Despite the fact that gout is suspected to be an inborn disorder, the first attack of acute joint inflammation, also known as gouty arthritis, does not usually occur until the middle of a person’s life. An injury to a peripheral joint can occur in any location, but it is particularly common in the joint at the base of the big toe. The most common symptoms are redness of the skin and extreme tenderness, warmth, and pain in the joints that have been affected. Even if left untreated, an attack can subside in a week or two if not sooner. Despite the fact that attacks may come and go without apparent cause, there are a number of factors that can trigger them, including acute infection and emotional upset, excessive alcohol consumption and poor diet, obesity, diuresis, surgery, trauma, and the administration of certain medications. The formation of uric acid crystals in the joint cartilage occurs prior to the onset of the first attack. Knobby deformities may develop in some cases due to the accumulation of uric acid salts in the cartilage, which may also occur in cartilage that is not associated with the joints, for example, on the rim of the ear.
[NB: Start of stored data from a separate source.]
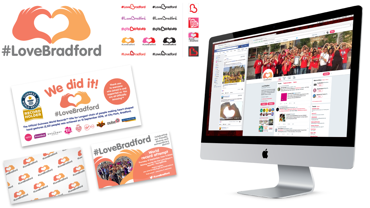 Brand creation for the Love Bradford Guinness World Record attempt. This was rolled out across a full range of digital formats including the Bradford big screen digital display and printed items including tshirts.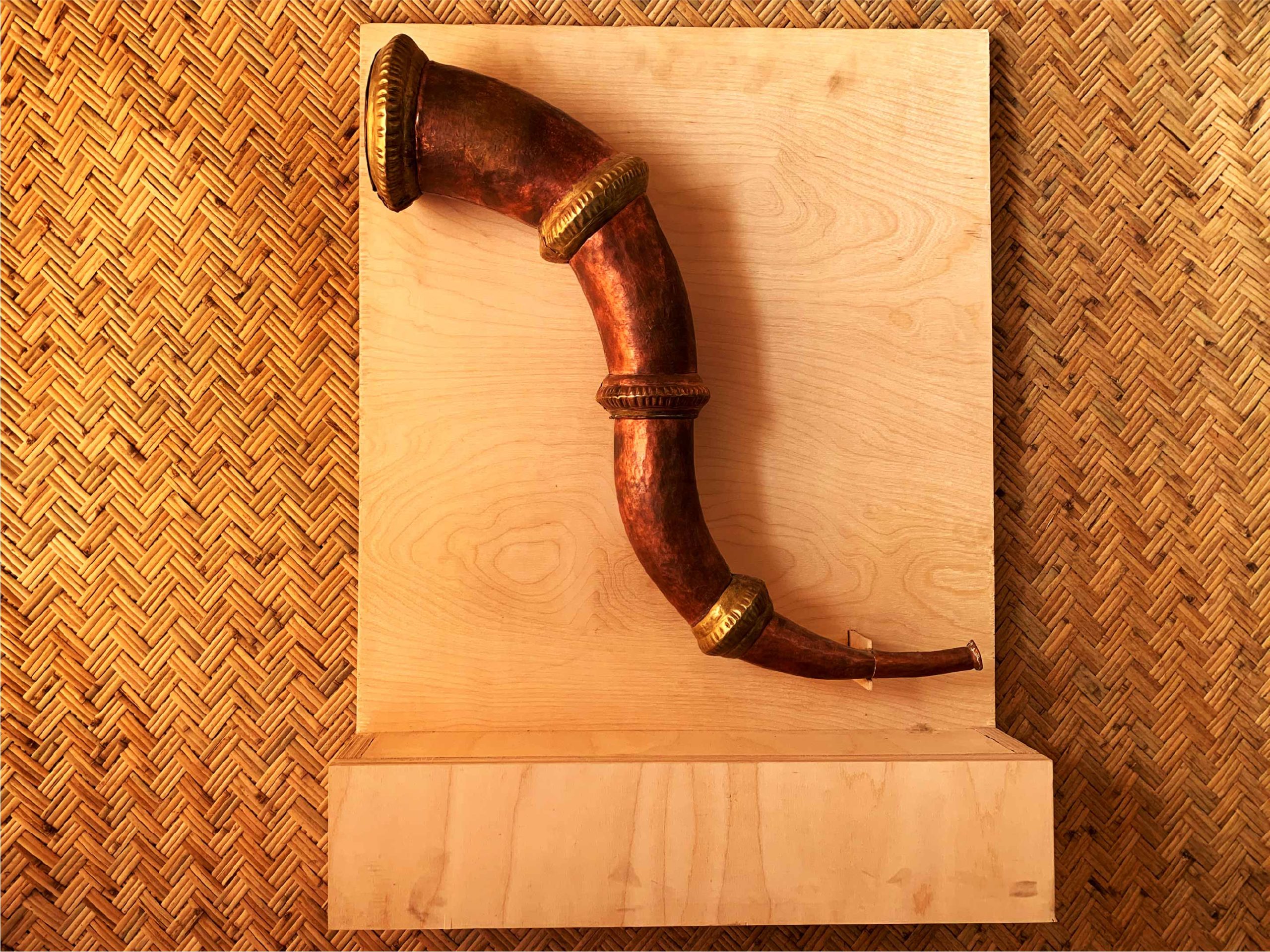 Expertly shaped from pure copper by skilled artisans, this souvenir captures the distinct crescent or S-shaped form of the original instrument, making it a striking decorative piece and a meaningful reminder of the region’s rich musical and spiritual heritage. Whether placed on a shelf, desk, or altar, the Ransingha souvenir is a perfect blend of heritage art and devotional significance.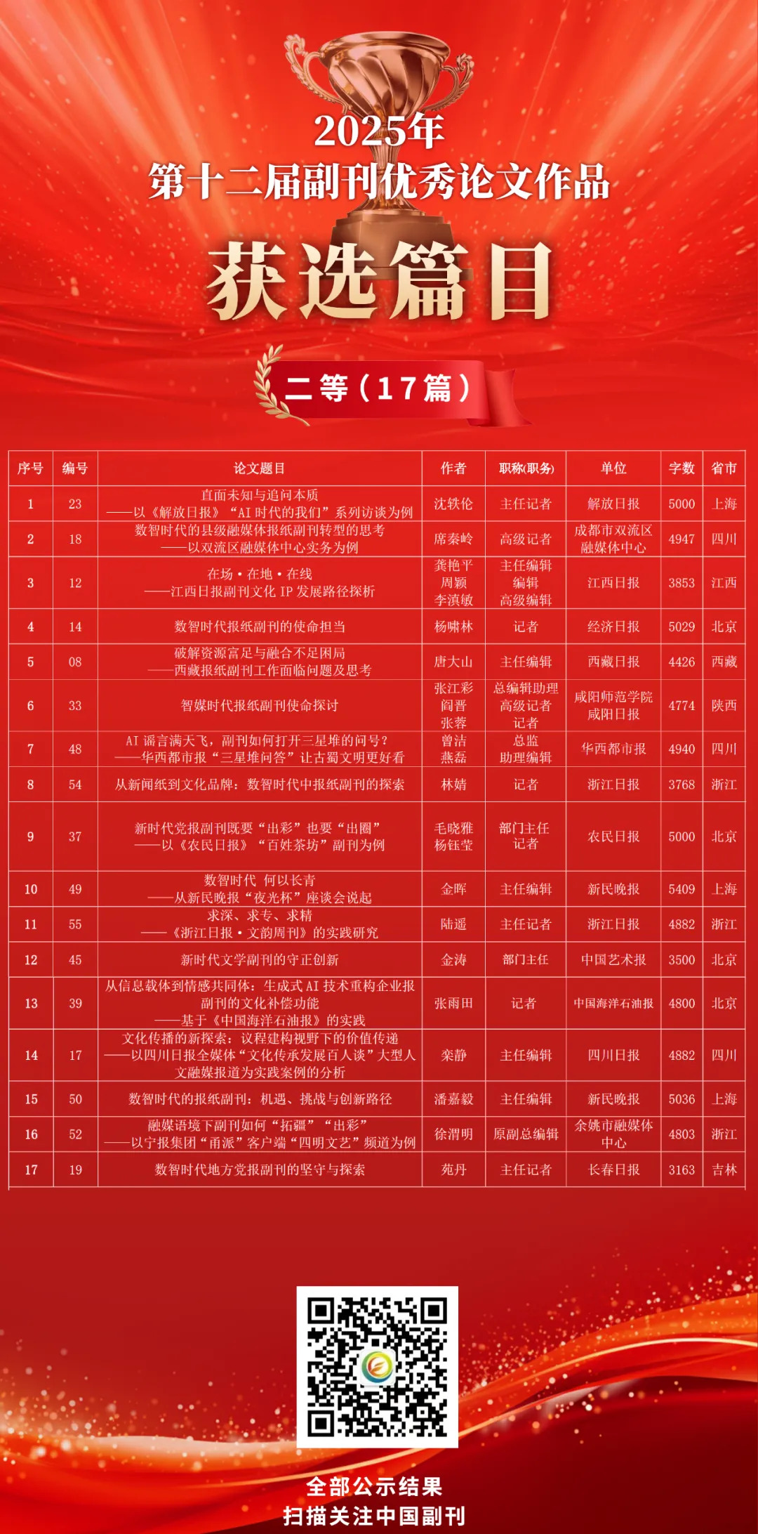 (摄影:丁以婕 代春晖)附:第十二届副刊优秀论文作品获选篇目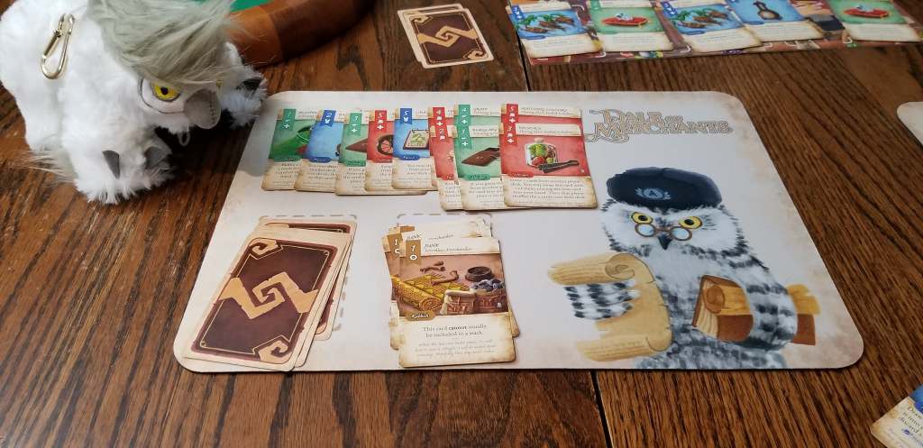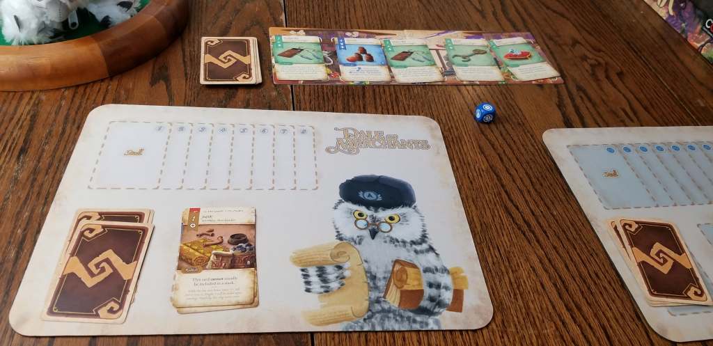 For those who have not played a Dale of Merchants game, it’s a quick deck builder in which players build a deck based on several different trader animals, each with a theme for their cards and attempt to build a tableau of 8 stalls. The stalls are built in order requiring cards that have a cost equal to their number, and cards of the same animal may be stacked to produce higher values. All cards also have a special ability of some sort that falls in line with their animal theme. First player to reach 8 wins the game.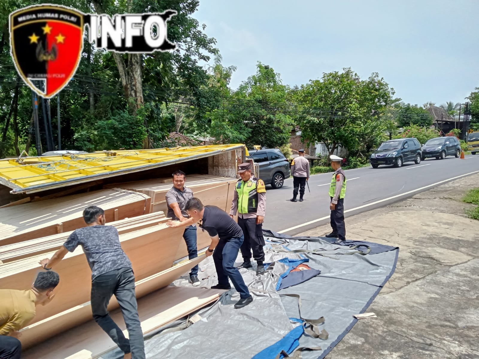Terlihat Kaporles Wonogiri AKBP Jarot Sungkowo, S.H., S.I.K., turun dari mobil dinasnya dan langsung membantu mengangkat muatan truk berupa triplek yang berserakan dijalan.
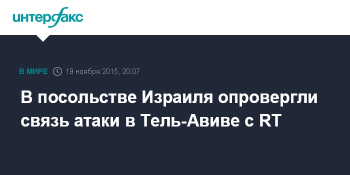 В посольстве Израиля опровергли связь атаки в Тель-Авиве с RT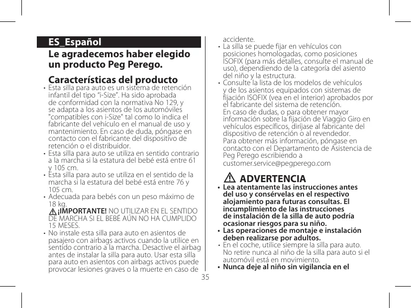 Descarga las instrucciones para tu Asiento de coche en formato PDF gratis! Encuentra tus instrucciones Viaggio Giro - PEG PEREGO y toma tu dispositivo electrónico nuevamente en la mano. En esta página están publicados todos los documentos necesarios para el uso de su dispositivo. Viaggio Giro de la marca PEG PEREGO.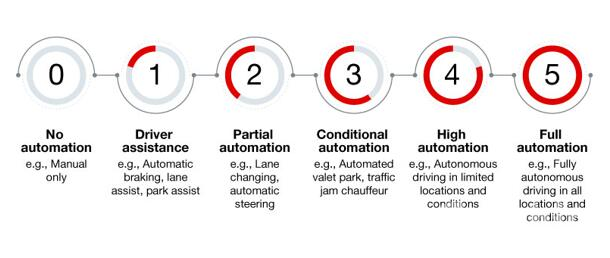在完全自主的自动驾驶汽车驶上公共道路之前,它必须经历六个不同的自动化等级,即从0级(无自动化)到5级(完全自动化),如图1所示。自动化等级每提升一级,都需要对高级驾驶辅助系统 (ADAS) 技术进行大幅改进,并实现对所有安全关键型功能的适当管理。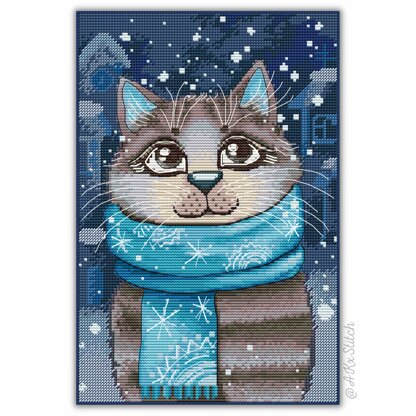 Winter Dreams Counted Cross Stitch. Easy to Follow Embroidery Chart featuring a cute and festive looking kitten in a blue scarf. Great handmade gift idea for any cat Mum or Dad or winter craft project for a keen stitcher friend.\n\nSize: 95w x 143h stitches\nStitched on Aida 18ct: approx 17 x 26 cm (7 x 10 in)\nDMC Threads: 26 solid colours (5 blends)\nUsed stitches: full cross stitch, half cross-stitch, backstitch\nSkill level: Beginner / Intermediate\nStitch time: 65-95h\n\nCross stitch pattern in PDF, Instant Digital Download includes: 1) cover page with preview; 2) instructions, symbols key and shopping list (DMC thread colour numbers and estimates, as well as fabric options); 3) two black and white charts, with and without backstitch; 4) two colour charts, with and without backstitch; 5) single page PDF for Pattern Keeper (available on request).\n\nPlease note: This pattern is for personal use only - not for commercial use. You can't make copies of our charts to distribute (either as PDF or printed versions) but you can definitely sell your finished cross stitch work.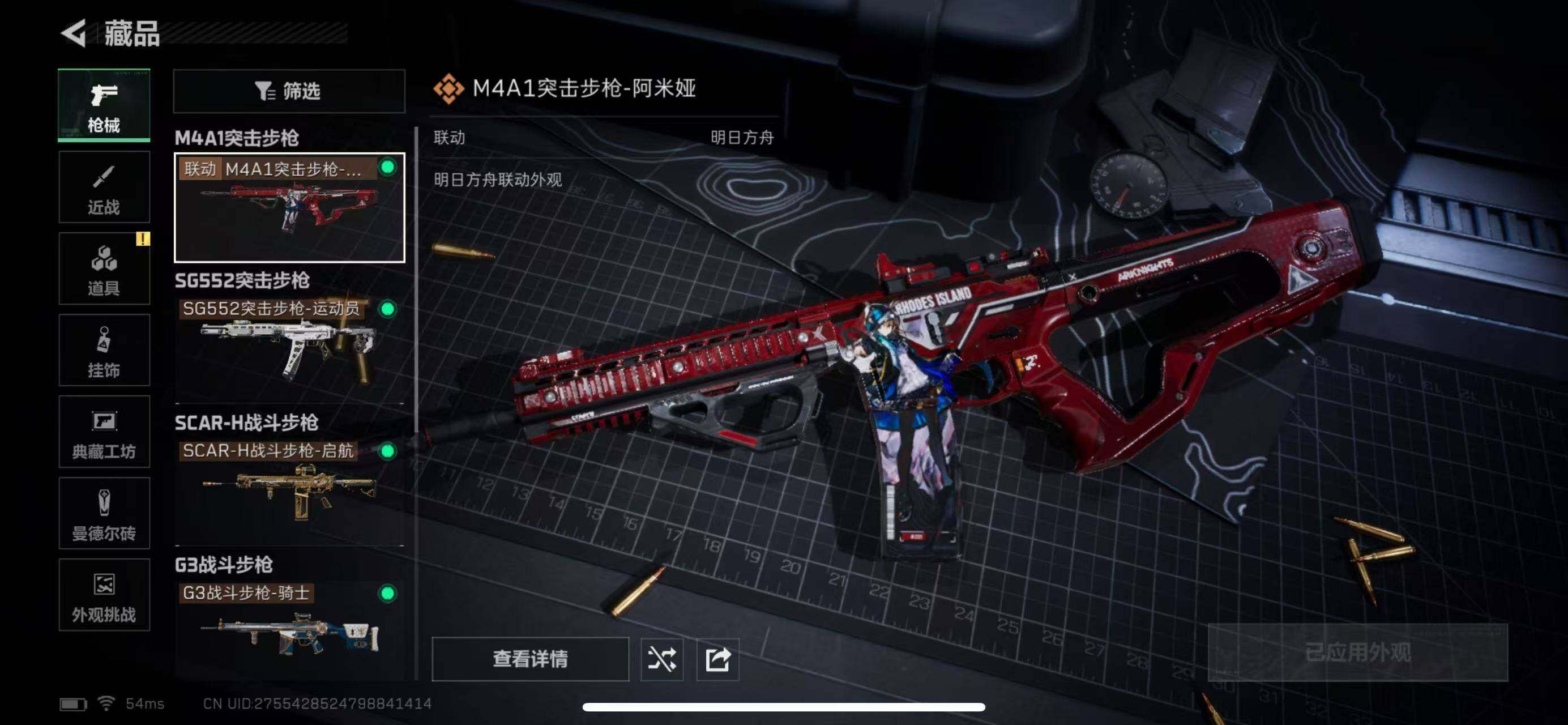【传说外观】:M4A1突击步枪-阿米娅,SG552突击步枪-运动员,SCAR-H战斗步枪-启航,G3战斗步枪-骑士,CAR-15突击步枪-阿米娅,KC17突击步枪-电锯惊魂,R93狙击步枪-维什戴尔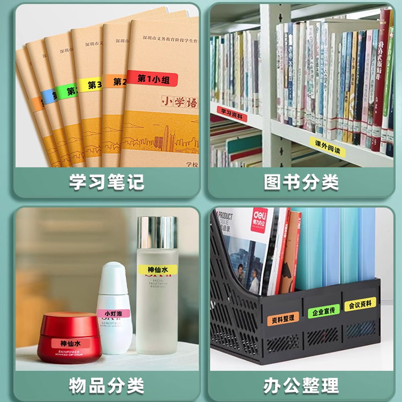 📚 防水标签分类不干胶贴纸彩虹名字贴分组姓名标识作业本标记记号贴彩色图书不留胶物品办公白色红色绿色粘性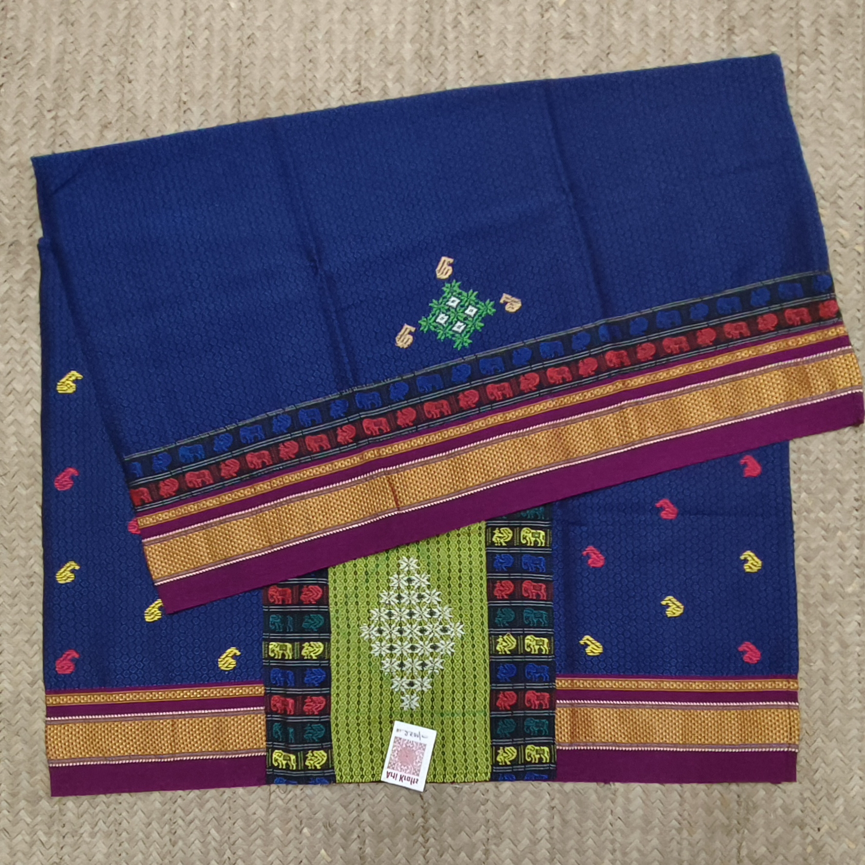 Royal Blue With Neon Green Patch Khunn Blouse Piece With Handmade Negi Kasuti.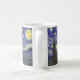 Starry Night by Vincent van Gogh is a vintage fine art post impressionism landscape cityscape painting featuring a view of Saint Remy, France from van Gogh's asylum. The night sky is swirling with clouds with a bright crescent moon and shining stars over the quaint village. Starry Night is probably van Gogh's most famous painting and was painted during the day from memory.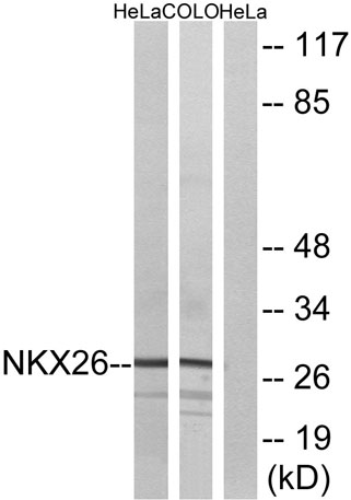 Immunogen: The antiserum was produced against synthesized peptide derived from human NKX26. AA range:91-140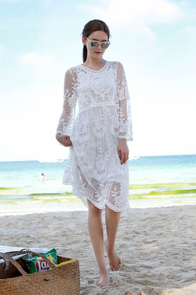White Long Sleeve O-Neck See Through Sexy Lace Embroidered Beach Dress L38242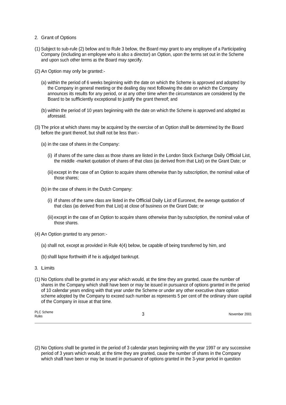 2. Grant of Options (1) Subject to sub-rule (2) below and to Rule 3 below, the Board may grant to any employee of a Participating Company (including an employee who is also a director) an Option, upon the terms set out in the Scheme and upon such other terms as the Board may specify. (2) An Option may only be granted:- (a) within the period of 6 weeks beginning with the date on which the Scheme is approved and adopted by the Company in general meeting or the dealing day next following the date on which the Company announces its results for any period, or at any other time when the circumstances are considered by the Board to be sufficiently exceptional to justify the grant thereof; and (b) within the period of 10 years beginning with the date on which the Scheme is approved and adopted as aforesaid. (3) The price at which shares may be acquired by the exercise of an Option shall be determined by the Board before the grant thereof, but shall not be less than:- (a) in the case of shares in the Company: (i) if shares of the same class as those shares are listed in the London Stock Exchange Daily Official List, the middle -market quotation of shares of that class (as derived from that List) on the Grant Date; or (ii) except in the case of an Option to acquire shares otherwise than by subscription, the nominal value of those shares; (b) in the case of shares in the Dutch Company: (i) if shares of the same class are listed in the Official Daily List of Euronext, the average quotation of that class (as derived from that List) at close of business on the Grant Date; or (ii) except in the case of an Option to acquire shares otherwise than by subscription, the nominal value of those shares. (4) An Option granted to any person:- (a) shall not, except as provided in Rule 4(4) below, be capable of being transferred by him, and (b) shall lapse forthwith if he is adjudged bankrupt. 3. Limits (1) No Options shall be granted in any year which would, at the time they are granted, cause the number of shares in the Company which shall have been or may be issued in pursuance of options granted in the period of 10 calendar years ending with that year under the Scheme or under any other executive share option scheme adopted by the Company to exceed such number as represents 5 per cent of the ordinary share capital of the Company in issue at that time. PLC Scheme Rules 3 November 2001 (2) No Options shall be granted in the period of 3 calendar years beginning with the year 1997 or any successive period of 3 years which would, at the time they are granted, cause the number of shares in the Company which shall have been or may be issued in pursuance of options granted in the 3-year period in question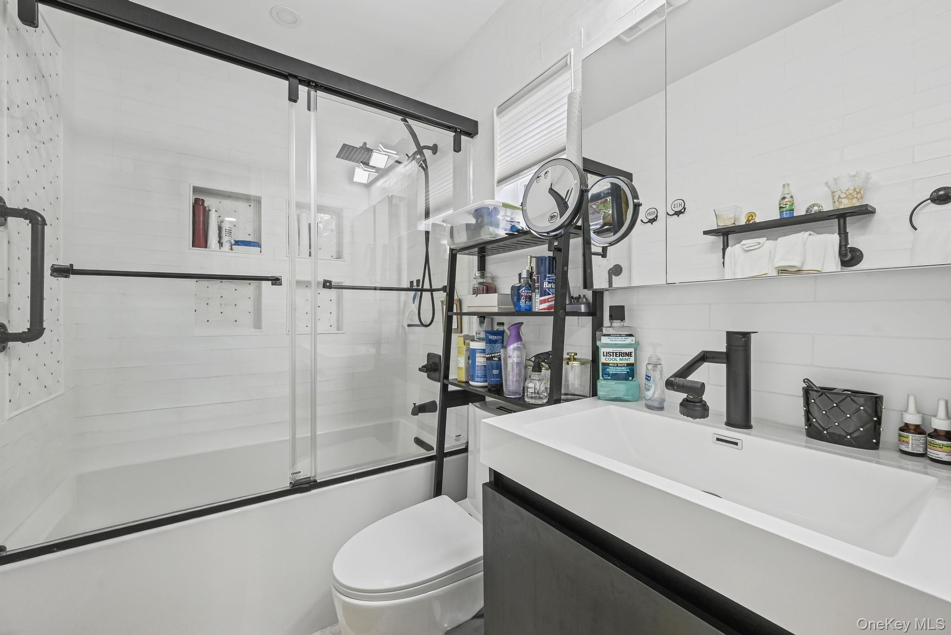 - Full bath with vanity, combined bath / shower with glass door, and backsplash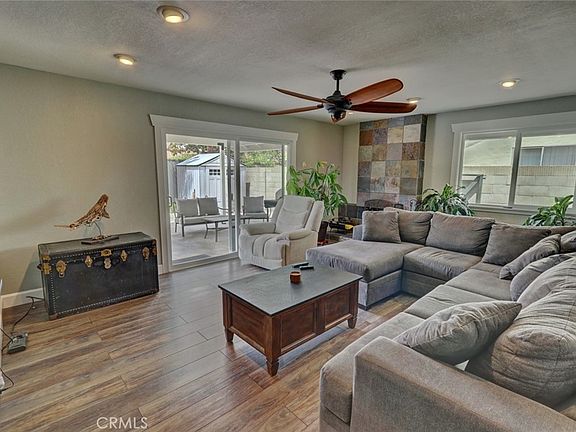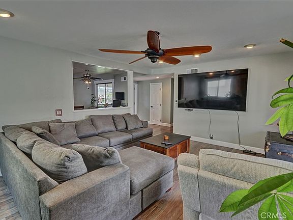 Welcome to this beautiful Glen Mar Shores home! A three bedroom two bath pool home located in a desirable interior tract location. This home has been meticulously maintained, showcasing true pride of ownership. As you approach the home, you'll be greeted by a lush tropical landscape featuring swaying palm trees and vibrant plumerias, all framed by a charming brick-lined walkway. The kitchen boasts waterproof vinyl flooring, sleek stainless steel appliances, and modern recessed lighting! The living room features wood flooring, newer ceiling fans, recessed lighting, and a fireplace with a new slate facade. Both bathrooms feature updated vanities. All bedrooms have newer carpet and ceiling fans! The backyard offers a custom-built patio cover and a recently refinished pool that is perfect for summertime fun with family and friends. The owner has created extra attic space in the garage that has been sheathed and joisted.

Several people who are affected by gout have family members who are also afflicted; however, it is not known how the disorder is passed down through families. In association with abnormal uric acid metabolism, a number of genetic variations have been discovered. The most striking feature of these variations is found in a gene known as SLC2A9 (solute carrier family 2, member 9), which normally encodes a protein that is involved in maintaining uric acid homeostasis in the body. The exact mechanisms by which SLC2A9 variants increase susceptibility to gout are unknown, but scientists suspect that the variants produce abnormal proteins that interfere with uric acid transport and uptake into cells, thereby increasing the risk of gout. Understanding the genetic mechanisms that contribute to the development of gout may aid in the identification of methods of prevention and the development of drugs for the treatment of the condition.
Acute Gout
Acute gout attacks are treated with nonsteroidal anti-inflammatory drugs (NSAIDs), such as indomethacin and naproxen, to relieve the pain and inflammation. Corticosteroids may also be injected directly into the affected joint to alleviate the swelling and pain. If nonsteroidal anti-inflammatory drugs (NSAIDs) and corticosteroids are ineffective, a medication known as colchicine may be prescribed. Recurrent acute attacks are treated with medications such as allopurinol, which reduces urate formation, and probenecid, which promotes the excretion of uric acid through the urine. Additionally, supplementation with vitamin C, which increases excretion of uric acid by the kidneys and, as a result, decreases the amount of uric acid circulating in the body, may help to reduce the frequency and severity of recurrent attacks. Vitamin C has been shown to reduce the frequency and severity of recurrent attacks.
Conclusion
Subjects with obesity, metabolic syndrome, and type 2 diabetes are more likely to have gout and other uric acid related disorders. The effects of insulin resistance on uric acid excretion were attributed to these diseases for a long time, and it was believed that uric acid did not play a causal role in the metabolic syndrome for a long time as well.